Limited availability of long-term geographical and hydrometeorological observations and limited computational capacity for urban scale simulations have so far hampered answering related scientific research questions. This project will develop an urban hydrometeorological archive that combines all available, rich and heterogeneous observations with multi-scale atmospheric and hydrological model results. Our challenge is to make the data in the archive meaningful, insightful and useful for scientists, local-scale urban planners, policy makers, (local) companies and individual citizens.

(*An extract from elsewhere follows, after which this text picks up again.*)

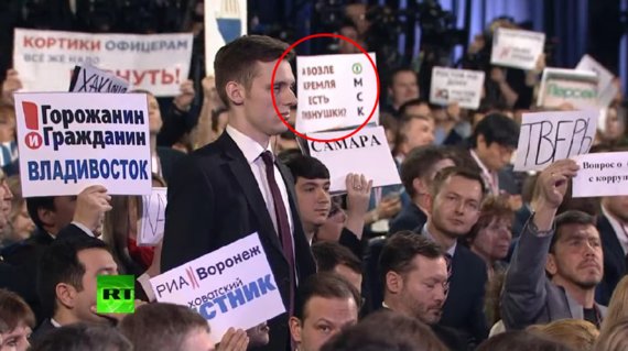 Меня лично больше всего радует, как коллеги приносят плакаты и мягкие игрушки, чтобы привлечь внимание Путина. Вот и сейчас сидящие впереди журналисты из Мурманская раскрыли огромный плакат и просьбой позволить задать им вопрос. Нас - меня и еще троих журналистов позади буквально накрыло Мурманском

3D-e-Chem: Integrated eScience workflow to translate biological and chemical data into structure-based protein-ligand polypharmacology prediction
Dr. C. de Graaf
VU University Amsterdam
Many new protein targets have been discovered recently and it has been shown that clinical efficacy is often the result of polypharmacologicalaction of drug molecules (i.e. the interaction with more than one protein target). Efficient exploitation of chemical and biological information is hampered however, because a good approach to efficiently integrate large volumes of heterogeneous data from different disciplines is still missing. The data needs to be properly integrated in order to extract useful information that is manageable and applicable in various life science disciplines. This project will develop technologies to improve the integration of ligand and protein data for structure-based prediction of protein-ligand selectivity and polypharmacology.
Computational chemistry made easy
Prof. dr. L. Visscher
VU University Amsterdam
This project concerns the construction and efficient execution of computational chemistry workflows. This allows computational chemists to use the emerging massively parallel computing environments in an easy manner and focus on interpretation of scientific data rather than on tedious job submission procedures and manual data processing. This makes entirely new approaches possible in which a single researcher can model and analyze thousands of compounds with high-level quantum chemistry methods. This yields a wealth of detailed data (molecular structures, transition states, charge distributions, electronic excitation energies) to rationally design solar cells, reduce solvent losses in organic synthesis, tune catalysts, or develop better LEDs, to name just a few applications. The project goal will be realized by bringing concepts from distributed computing (efficient parallelization in heterogeneous environments) and bioinformatics (data management and workflow construction) to the field of computational chemistry.
Prediction of Candidate Genes for Traits Using Interoperable Genome Annotations and Literature
Prof. dr. R.G.F. Visser
Wageningen University
Plant breeding companies are facing a paradigm shift. From traditional quantitative trait loci (QTL) studies, breeders got an insight which region(s) to introgress in their elite germplasm, with the aim to improve traits of interest. However, genome annotations are becoming available for more and more (crop) species and we observe that a QTL region could easily include 1000 genes, positively or negatively affecting the desired phenotype. This project addresses the scientific challenge to utilize genome annotations and semantic interoperability with other databases, such as literature, for computer-assisted prioritization to determine which gene(s) is a candidate explaining the QTL. The application of the project results will be utilized in a better choice of parents for crossing in plant breeding, and as a perspective in the longer term, to enable precision breeding (genomics-assisted in silico design of an optimal genotype with a set of defined traits (e.g. quality and/or resistance), for production in a given environment and the subsequent strategy to breed for such a genotype), but are applicable in (animal, human and plant) genetics research in general.